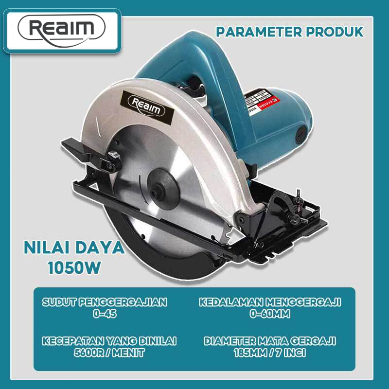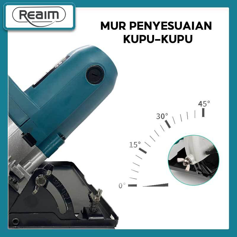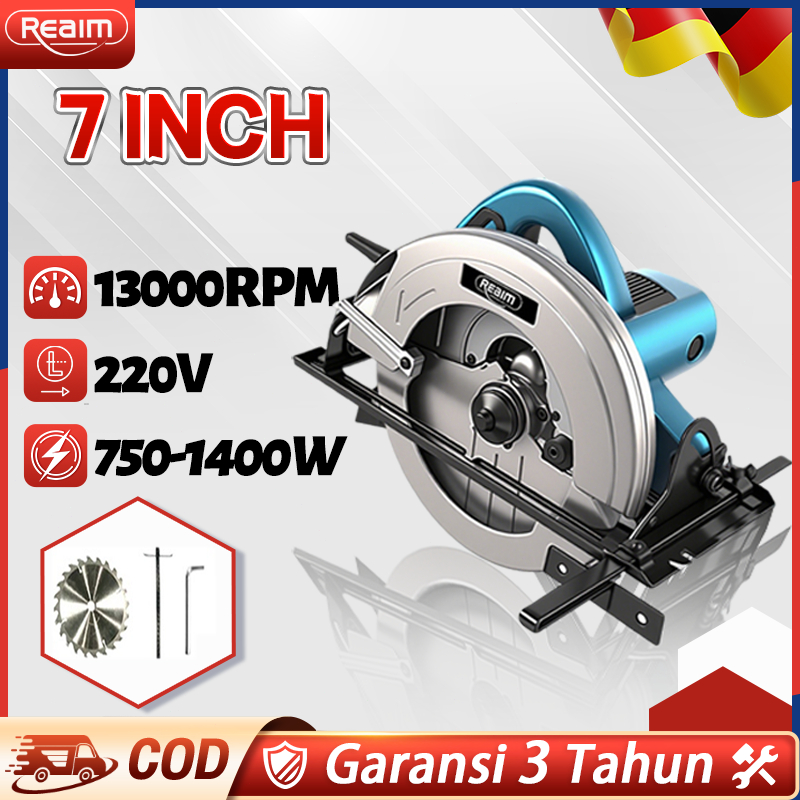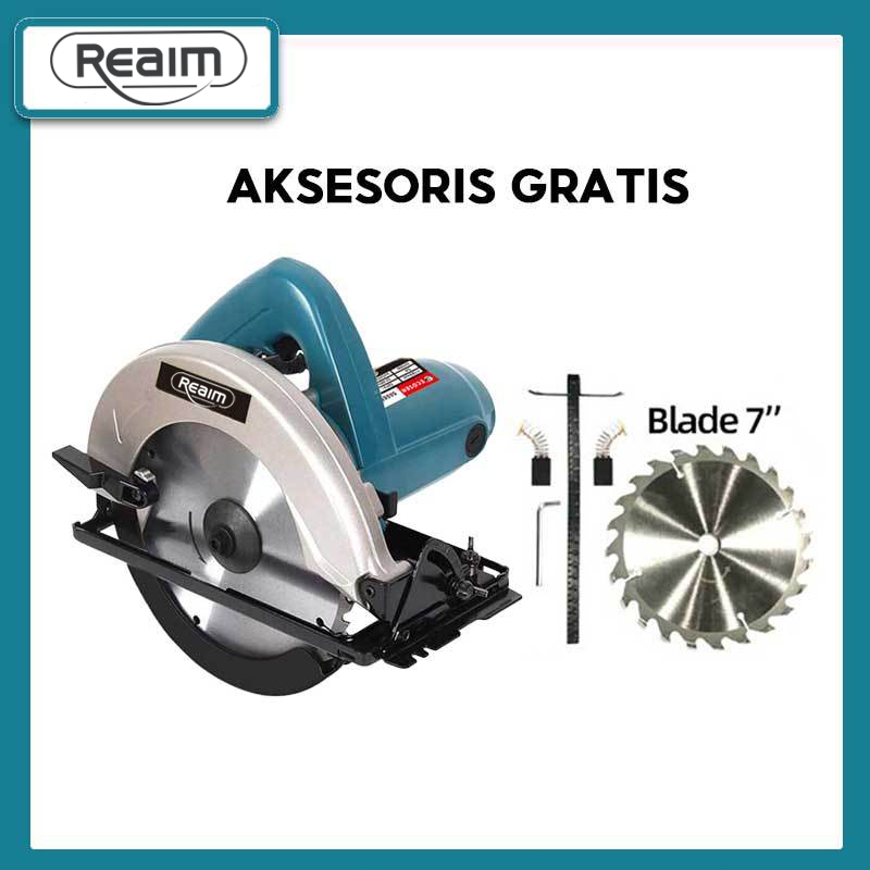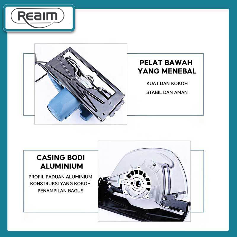 REAIM Gergaji kayu Gergaji Besi Circular Saw 7 Inch 1400W Mesin Potong Kayu Mesin Serkel Kayu
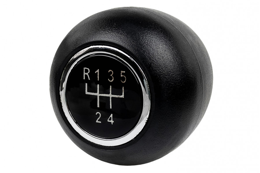 Круглая ручка КПП с кулисным приводом из черного пластика (шагрень) с хромированным кольцом на Лада Калина первого поколения.
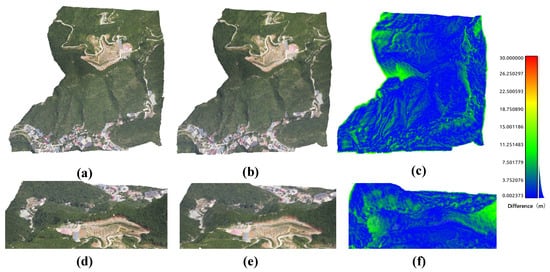 The image sequence data is Mixed Zone-2 in Table 3. Reconstruction results compared with Photoscan. (a,d) are the top view and the front view of the model generated by Photoscan offline. (b,e) are the corresponding results generated by our real-time approach. (c,f) are the difference pseudo-color image.
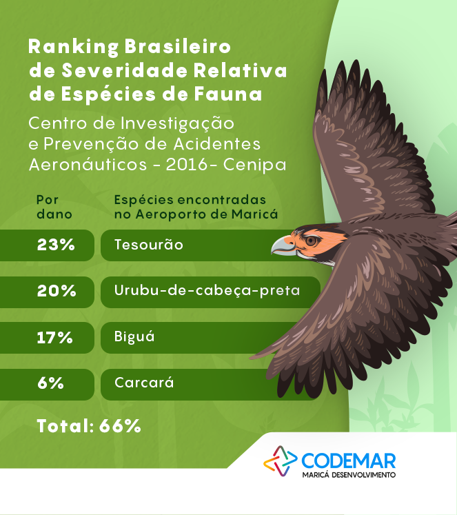 Entre as aves detectadas no estudo feito no Aeroporto de Maricá, estão a Tesourão, Urubu-de-cabeça-preta, Carcará e Biguá. Essas espécies, juntas, representam 66% de riscos de danos a aeronaves, segundo o Ranking Brasileiro de Severidade Relativa de Espécies de Fauna, publicado em 2016, pelo Centro de Investigação e Prevenção de Acidentes Aeronáuticos (Cenipa).
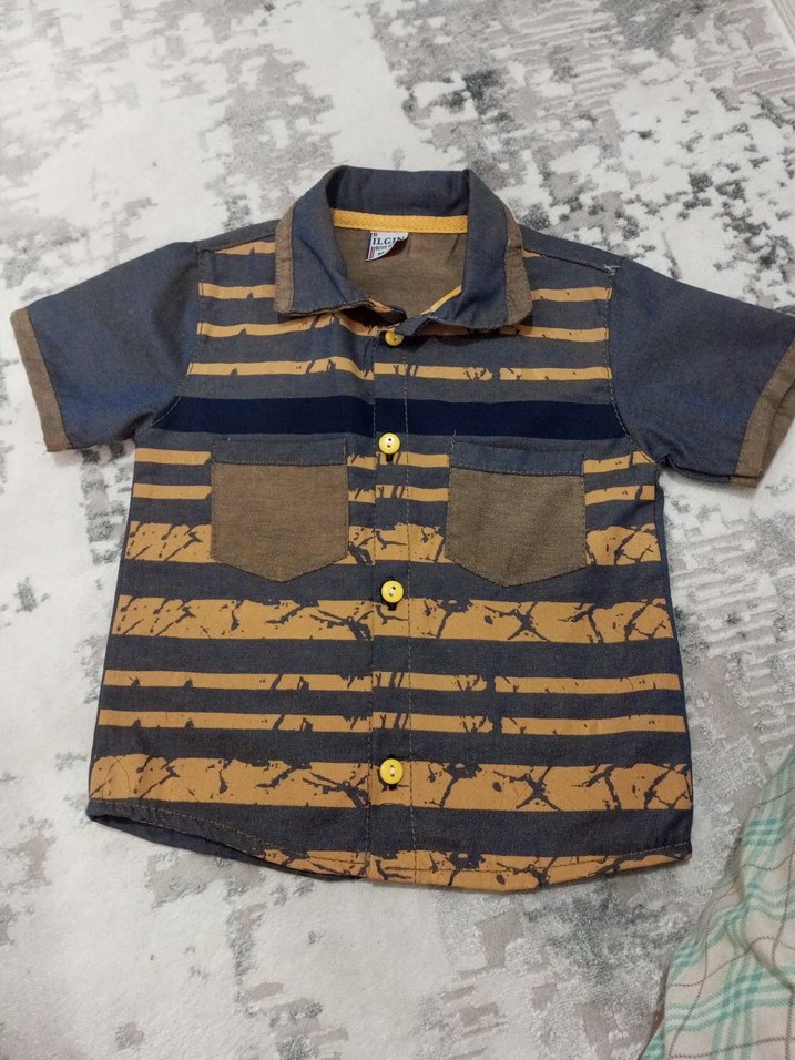 kendinden renkli kumaşlı lacivert sarı renkli yazlık gömlek
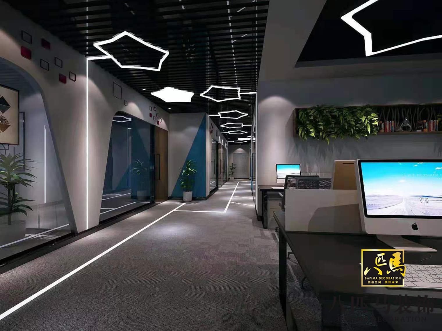 設計風格:科技類型辦公空間,極具現代科技感的,實用、簡潔,富有韻味的工業(yè)科技風定位。

-----

WHAT THE EXERCISE ASKS:
Counting both ends, reproduce word for word the lines from the line with "kendinden renkli kumaşlı" to the final line of the listing above, skipping every picture.

EXERCISE RESPONSE:
 kendinden renkli kumaşlı lacivert sarı renkli yazlık gömlek
 設計風格:科技類型辦公空間,極具現代科技感的,實用、簡潔,富有韻味的工業(yè)科技風定位。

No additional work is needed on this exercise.